Data processing using R

Further analysis of barcode data was performed using R. To remove barcodes derived from sequence error, barcodes detected in all plasmids, barcoded-B16F10, BL6, and 4T1 cells were analyzed using R package dplyr. The corrected barcode number of each sample was calculated as previously reported and plotted using the R ggplot2 package [4].

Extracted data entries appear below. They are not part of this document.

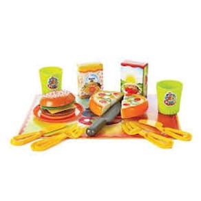 O vamos lanchar é ideal para juntar os amiguinhos e a família para brincarem todos juntos de uma forma muito divertida. O cardápio requintado acompanha 1 pão de hamburguer, 1 queijo, 1 alface, 1 carne, 1 pizza brotinho, 2 pratos, 2 copos, 2 garfos, 2 facas, 2 caixinhas cartonadas, 2 toalhas cartonadas e 1 faca grande. Uma delícia de lanche e brincadeira Contém: 18 peças. nbm9503.00.80 Faixa etária indicada: A partir dos 3 anos.
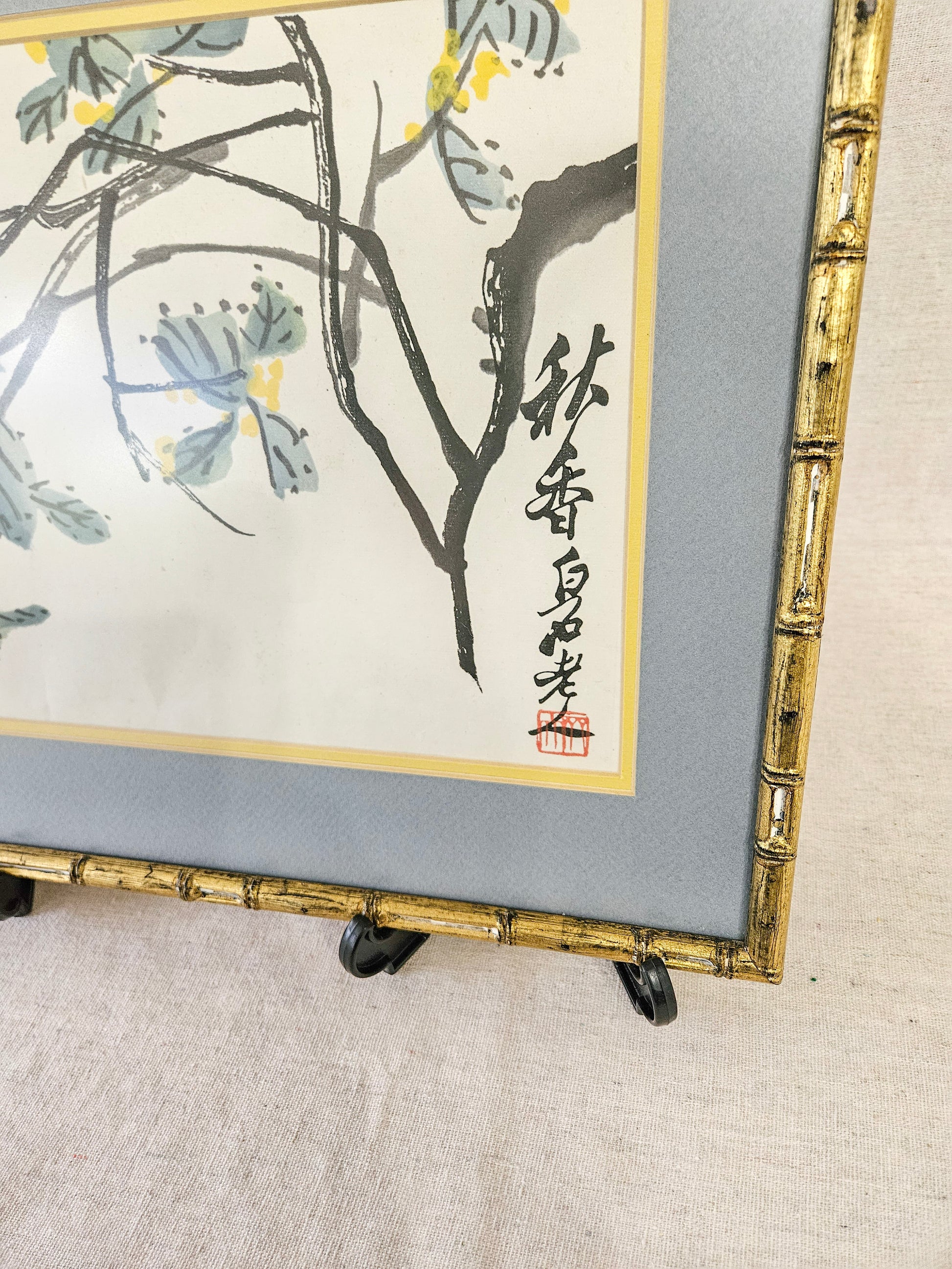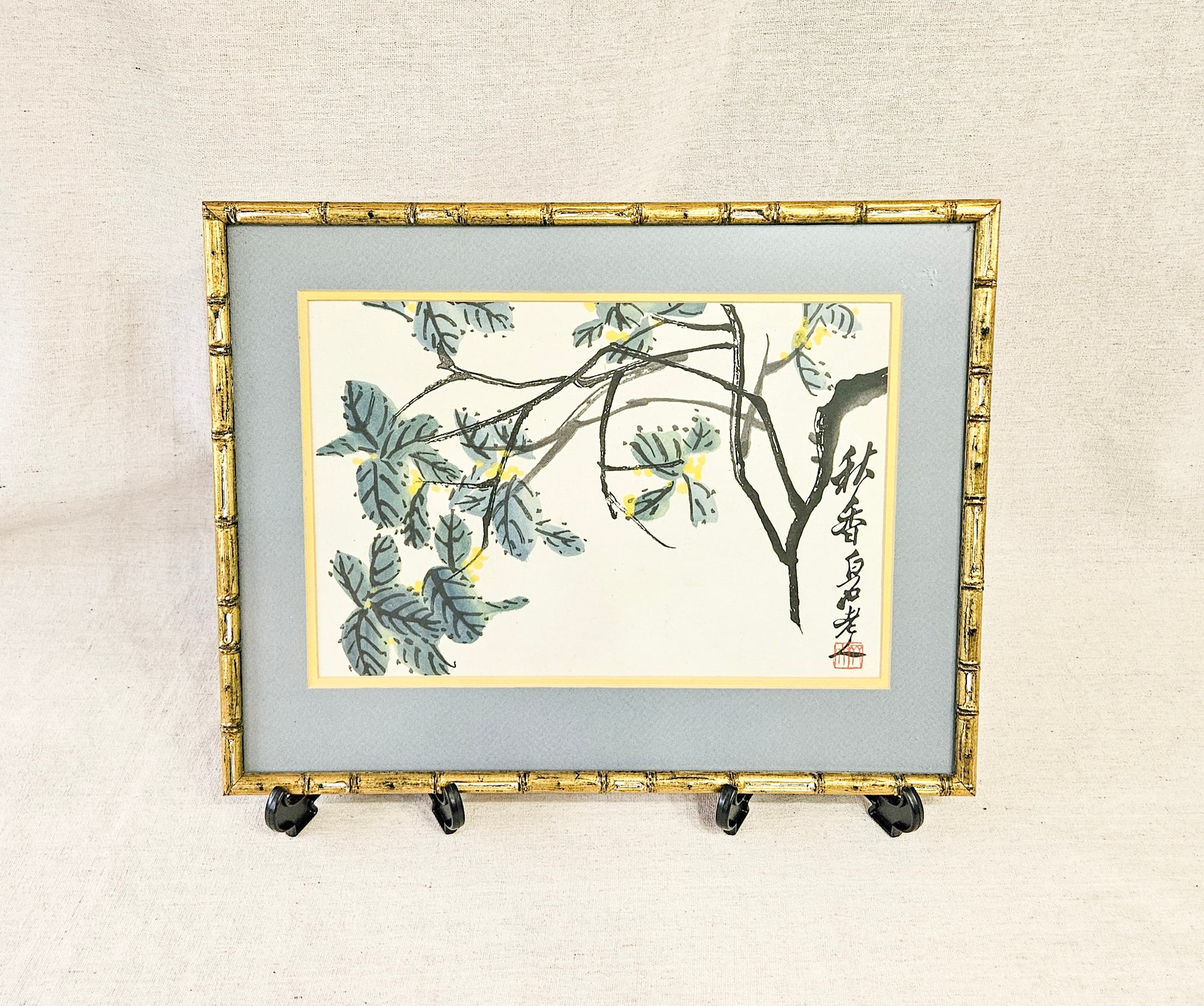 Available is a woodblock print titled "Autumn Fragrance". It is attributed to Qi Baishi, a renowned 20th-century Chinese painter and printmaker celebrated for his depictions of natural scenes. Qi’s works, especially from the mid-20th century, often showcase a fluidity and simplicity that resonated deeply with both his contemporaries and collectors.
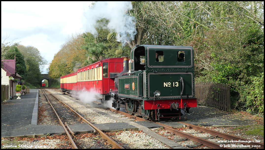 With the single line Staffs exchanged between trains, 'Kissack' sets off towards Douglas as the last coach of the Dining Car Train disappears under the road bridge.
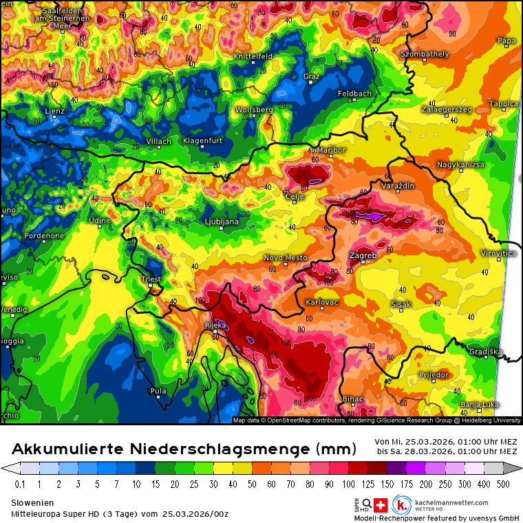 Super HD pa kaže padavinsko bombo jutri in v petek. O višinah pa naj več povesta naslednji sliki.
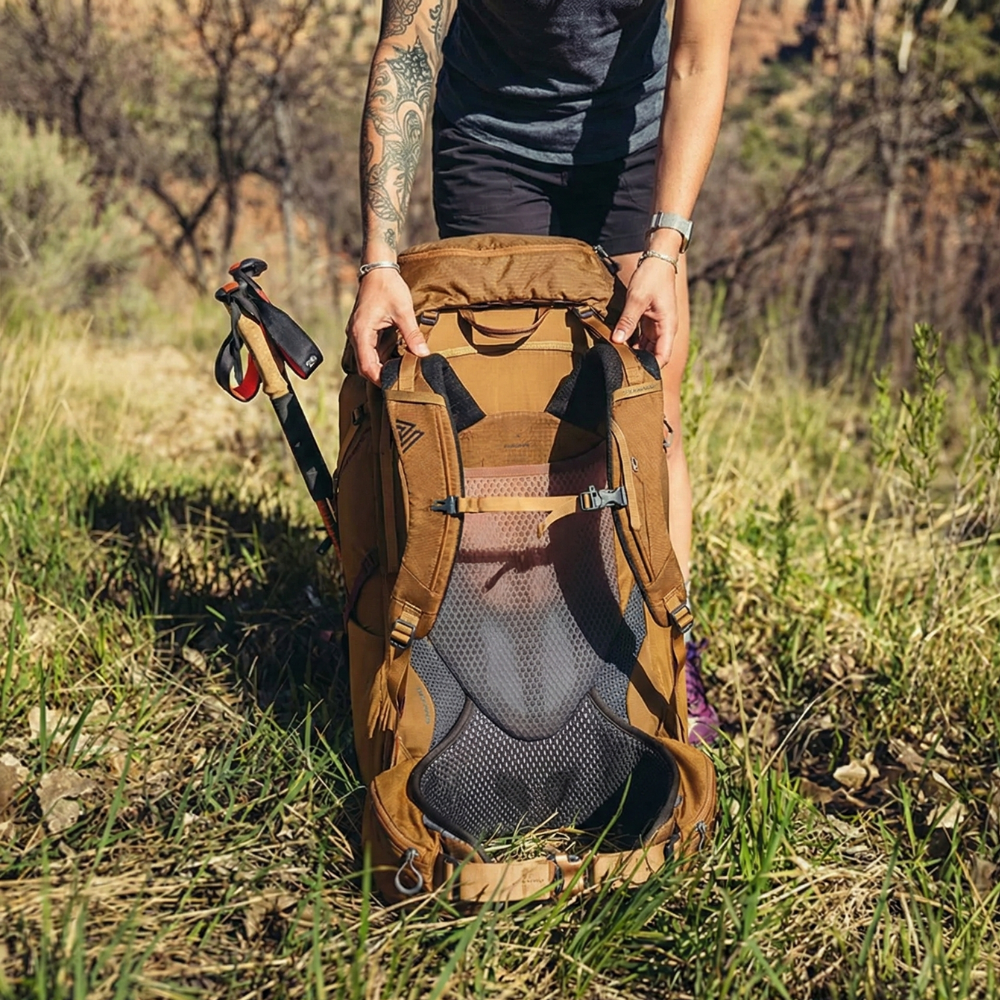 Het hart van de Maven 58 is het innovatieve draagsysteem dat speciaal is afgestemd op de vrouwelijke anatomie. De heupband en schouderbanden zijn zo gevormd dat ze perfect aansluiten, terwijl het rugpand volledig verstelbaar is voor een maatwerk pasvorm. Dankzij de flexibele panelen in de heupband beweegt de rugzak natuurlijk mee met je heupen en lichaam, wat zorgt voor stabiliteit op ongelijk terrein en energiebesparing tijdens lange dagen. Het rugpaneel is voorzien van een gespannen 3D-mesh constructie. Dit zorgt ervoor dat er altijd een luchtstroom is tussen je rug en de tas, waardoor je zelfs tijdens inspannende beklimmingen koel en droog blijft.
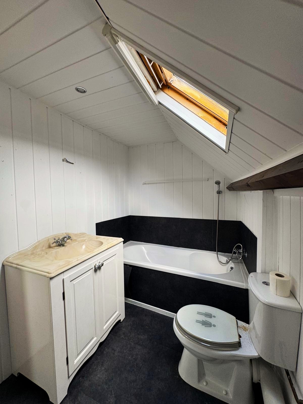 De badkamer is voorzien van een ligbad, wasmeubel en een tweede toilet.
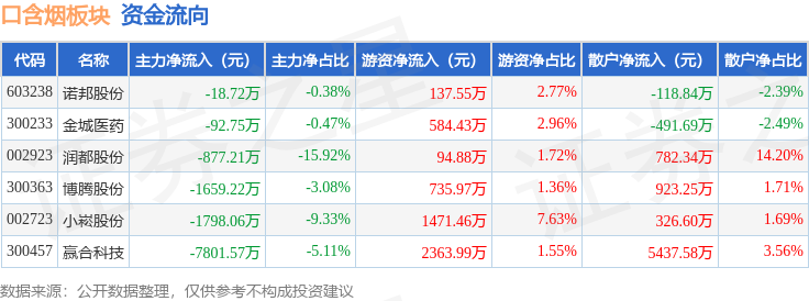 从资金流向上来看,当日口含烟板块主力资金净流出1.22亿元,游资资金净流入5388.29万元,散户资金净流入6859.25万元。口含烟板块个股资金流向见下表:
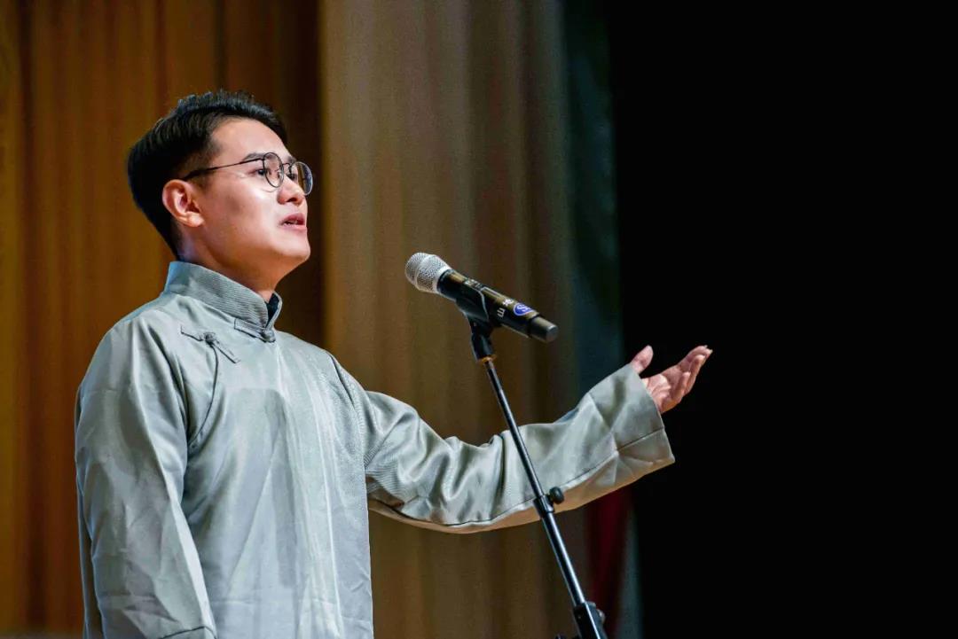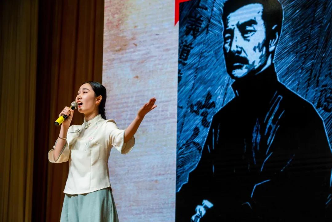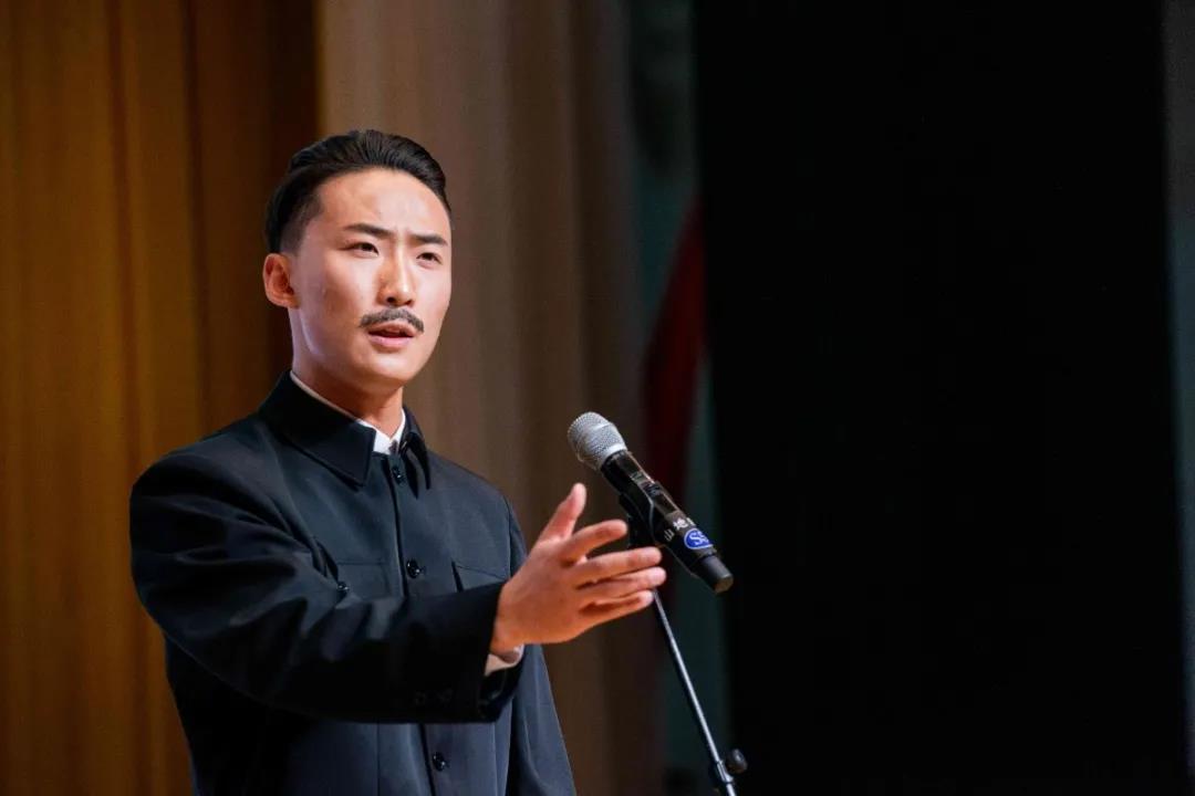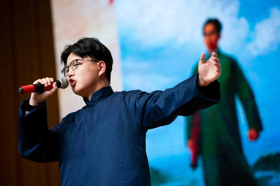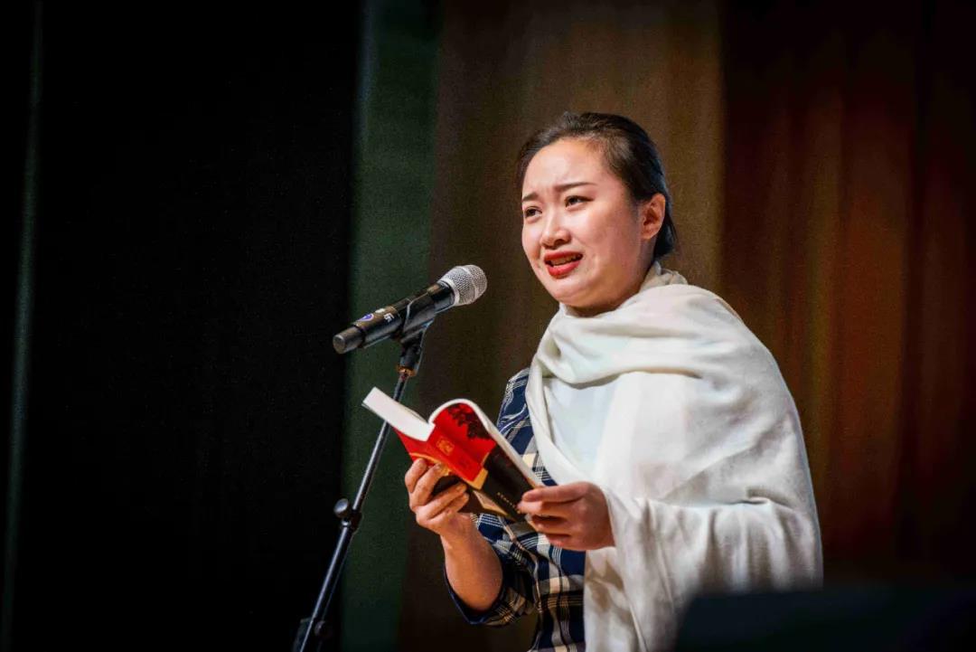 接下来的红色经典诵读分为“红色诗意”、“红色向往”、“红色深情”三个篇章。诵读学生情绪饱满、诵读扣人心弦,现场的观众仿佛被带入到了那段峥嵘的岁月,时而潸然泪下,时而义愤填膺。最后在全体师生的掌声中,烟台大学第十七届读书节闭幕式暨红色经典诵读会圆满结束。
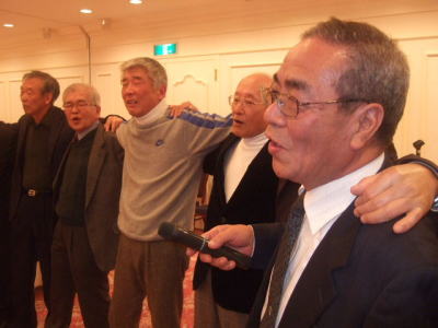 懇親会の最後は恒例の校歌&応援歌の斉唱です。 音頭はもちろん大阪からはるばると駆けつけてくれた中塚君です。
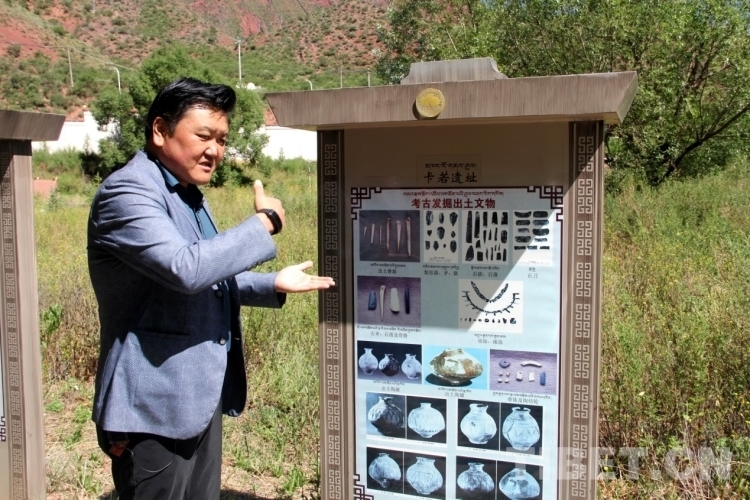 圖為洛松曲扎介紹卡若遺址出土文物攝影:王茜
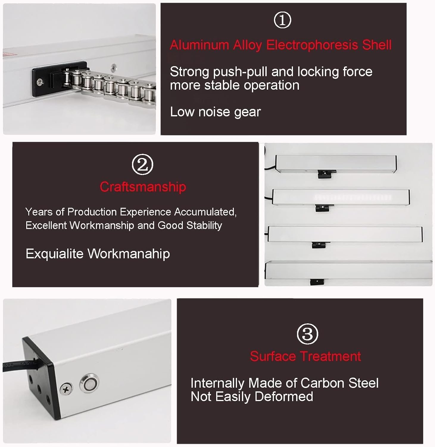 When you have a high opening or skylight, this electric chain window opener can help you control it simply by pressing a button from anywhere in the house. Suitable for skylights, hanging windows, high-altitude window sashes and various windows that require natural ventilation and smoke and heat exhaust. 【Features】 Generous and exquisite appearance design Double-layer metal chain, more stable and smooth ope-ration Wireless remote control, more flexible and convenient to use Various installation methods. Can be used for horizontal push, top hanging, middle hanging, bottom hanging and skylight Design life load more than 10,000 times opening and closing Locking force is 400N 【Specifications】 Rated power: 24 W Overload protection: 1.2A Protection level: IP32 Pressure and tension: 400N (40 kg) Chain maximum distance: 300mm, 400mm, 500mm, 600mm, 700mm, 800mm, 1000mm Working speed: 10 mm/s. Working temperature: -10°C to 75°C 【Package Contents】 1 * 24v dc window opener motor 1 * Mounting bracket 1 * Remote control 【Note】 1. The size is measured manually, with an error of 1-3 cm. Thank you for your understanding and support. 2. The installation must be performed by professionals.

Analysis of barcode composition

For the comparison of the barcode composition between samples, the JS divergence was calculated using all the barcodes or the top 10 barcodes of each sample, and a heatmap was generated using the R ggplot2 package. A bubble plot of the top 10 barcodes for each sample was constructed using the R ggplot2 package. A cumulative bar plot of the barcodes was constructed using the R ggplot2 package.

Analysis of stgRNA

Hierarchical clustering heatmaps of mean mutation scores were constructed using the top 10 barcodes with mutated reads using the R gplot package. A heatmap of the mutation rate (deletion, insertion, and mismatch) in each position in stgRNA was constructed using the R ggplot2 package. The cumulative distribution fractions of insertions and deletions in each sample were plotted using the R ggplot2 package.

Statistical analysis

Statistical analysis was performed using R. Welch’s t-test with Bonferroni adjustment was used to compare the two samples. Weighted Spearman correlation was calculated WeightedCorr. Statistical significance was set at p < 0.05.